Oliphint has put forth an intriguing and very creative proposal that offers people in the classical tradition a new way of understanding divine accommodation. There are a number of features of Oliphint’s proposal that I think are commendable, the most significant being that his treatment of the portraits of God interacting with his people in a mutually influential relationship and even changing his mind in response to their input is a vast improvement over the traditional approaches that explained them as metaphorical anthropomorphisms or phenomenological descriptions. At the same time, I believe there are serious problems with Oliphints project. For our present purposes it will suffice for me to raise five of them.
First, while Oliphint correctly affirms that Christ is the quintessential revelation of God, it seems to me that his actual view of God has almost nothing to do with Christ. His view of God as he “exists in himself” is rather derived from the Reformed version of the classical tradition. Had Oliphint actually treated Christ as the quintessential revelation of God – as the one who reveals God’s very essence (hypostasis, Heb. 1:3) – it seems to me that he would have allowed him (instead of the Reformed tradition) to define God’s essence for us. And had he done this, I have trouble believing he would have concluded that God in his essence is pure act, devoid of potentiality, immutable, impassible, etc.
If our thinking was firmly fixed on the One in whom God became a human, how could we ever conclude that God in his essence does not, in any sense, become? And if our thinking was steadfastly oriented around the One in whom God suffered at the hands of others on the cross, how could it ever occur to us to imagine that God in his essence cannot be affected by anything outside himself and cannot in his essence have passions and suffer? Classical theologians arrive at this conception of God as he exists “in himself” because they drive a wedge between God as he exists in himself and God as he appears toward us. But this, I submit, is tantamount to denying that Christ is the quintessential revelation of God.
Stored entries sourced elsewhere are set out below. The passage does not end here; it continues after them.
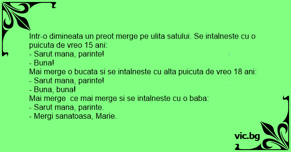 Intr-o dimineata un preot merge pe ulita satului. Se intalneste cu o puicuta de vreo 15 ani: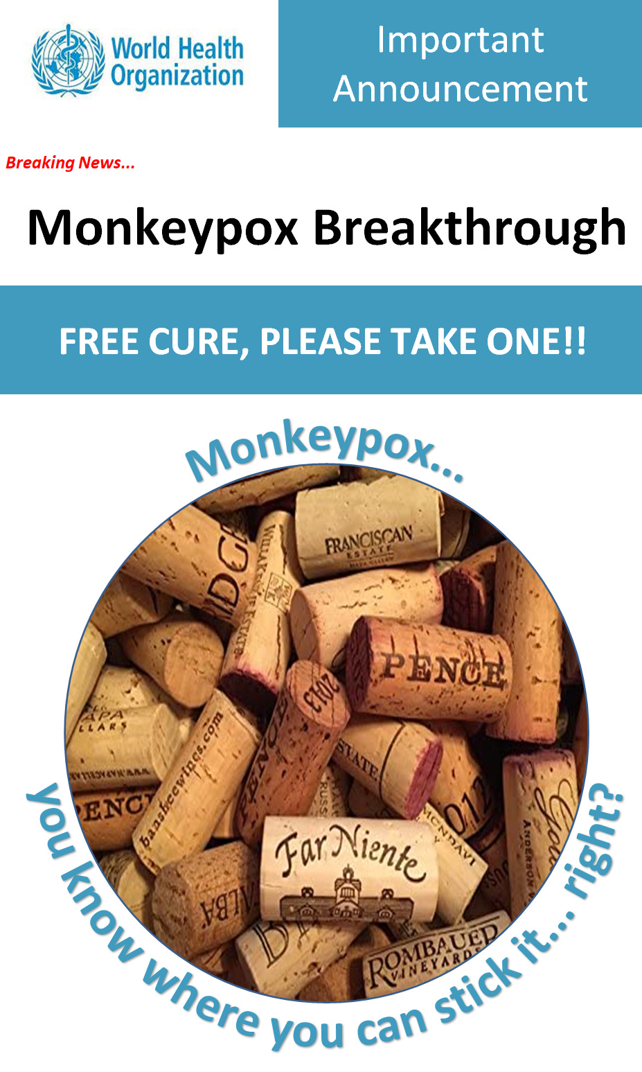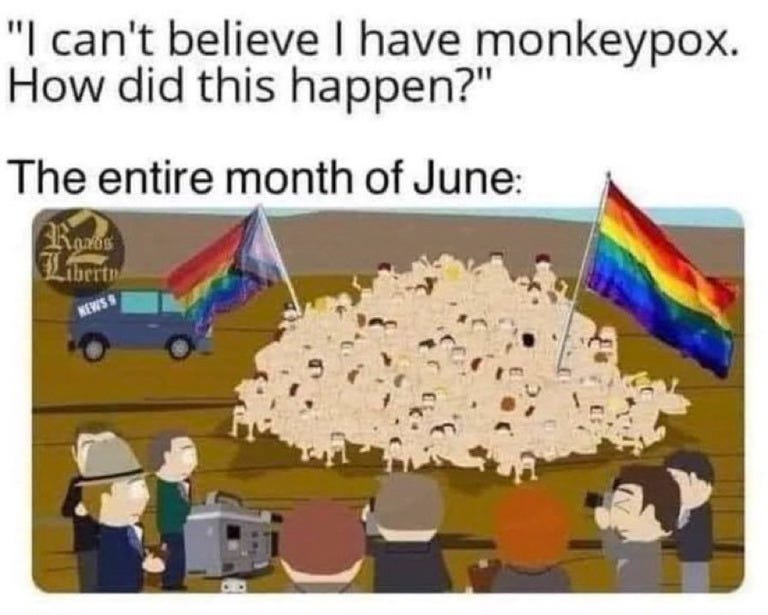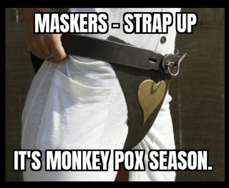 And remember, a Monkeypox test kit that has not ripened and is still hard could be brought to a Pride event and used for… other purposes…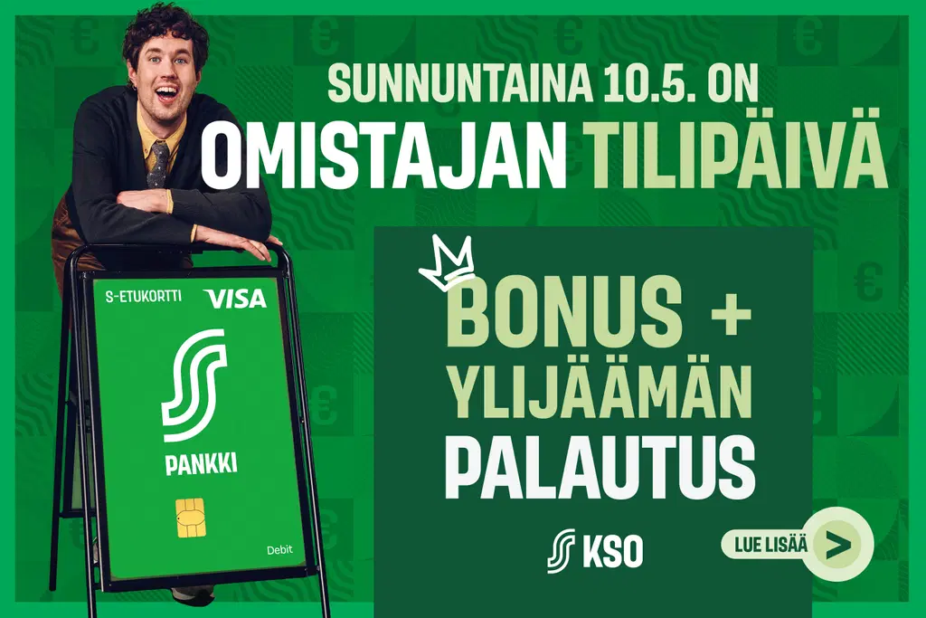 Ja sitä saat S-Etukortilla. Liity KSO:n asiakasomistajaksi ja saat oman S-Etukortin sekä rahanarvoiset liittymisedut! Bonus maksetaan asiakasomistajan pankkitilille Tilipäivänä eli joka kuun 10. päivä.

Second, and closely related to this, Oliphint assigns the change and suffering Christ experienced to God’s “covenantal attributes,” in contrast to his “essential attributes” as well as to God’s “person” in contrast to his “nature”. But the only reason Oliphant needs to make this distinction is because, rather than accepting that God’s essence is revealed in Christ, Oliphant presupposes a God whose essence is very different from what we find in Christ. Indeed, I submit that all the paradoxes – which I would argue are actually contradictions – that surround Oliphant’s proposal are due to the fact that he begins with a view of God that is defined in contrast to Christ rather than beginning with the God who is revealed in Christ.
Third, the way Christ actually functions in Oliphint’s reframing of divine accommodation is not as the quintessential revelation of God, but as the quintessential paradox (or contradiction) that justifies all the other paradoxes that arise when one superimposes an immutable and impassible God on the biblical narrative. His reasoning is that, since we presumably already accept the quintessential paradox of God becoming a real human, even though his humanity conflicts with his essential attributes (when defined along the lines of classical theism), then we ought not deny that God really takes on all the attributes ascribed to him in Scripture that also conflict with his essential attributes (when defined along the lines of classical theism).
I actually think Oliphint makes a strong case if you start with a God whose essential attributes are defined along the lines of classical theism. But this begs the question of why we should start with this conception of God in the first place. I rather submit that we should start with the one Oliphint agrees is the quintessential revelation of God and thus allow this revelation to inform us about God’s essential attributes. And as I’ve said, if we start here, I very much doubt we’d ever be inclined to define God’s essential attributes the way Oliphint and the classical tradition tends to do.
Fourth, I find it surprising, to say the least, that Oliphint could attempt to work out a Christ-centered model of accommodation and never once address any issue pertaining to God’s character, let alone discuss the self-sacrificial love of God revealed on Calvary. His sole interest is reconciling the metaphysical attributes of the classical view of God with the attributes of change, responsiveness and emotion ascribed to God in Scripture. I do not deny that there is a place for such metaphysical deliberations as we wrestle with God’s condescension in Scripture, but surely these concerns pale in importance compared to the need to reconcile the character revealed in Christ with the sub-Christ-like character of some of Scripture’s portraits of God. As should already be clear, the Cruciform Principle of Accommodation will be primarily focused on the manner in which God accommodates the limited and fallen framework of people by allowing himself to appear in ways that fall short of reflecting his true, loving character as revealed in Christ.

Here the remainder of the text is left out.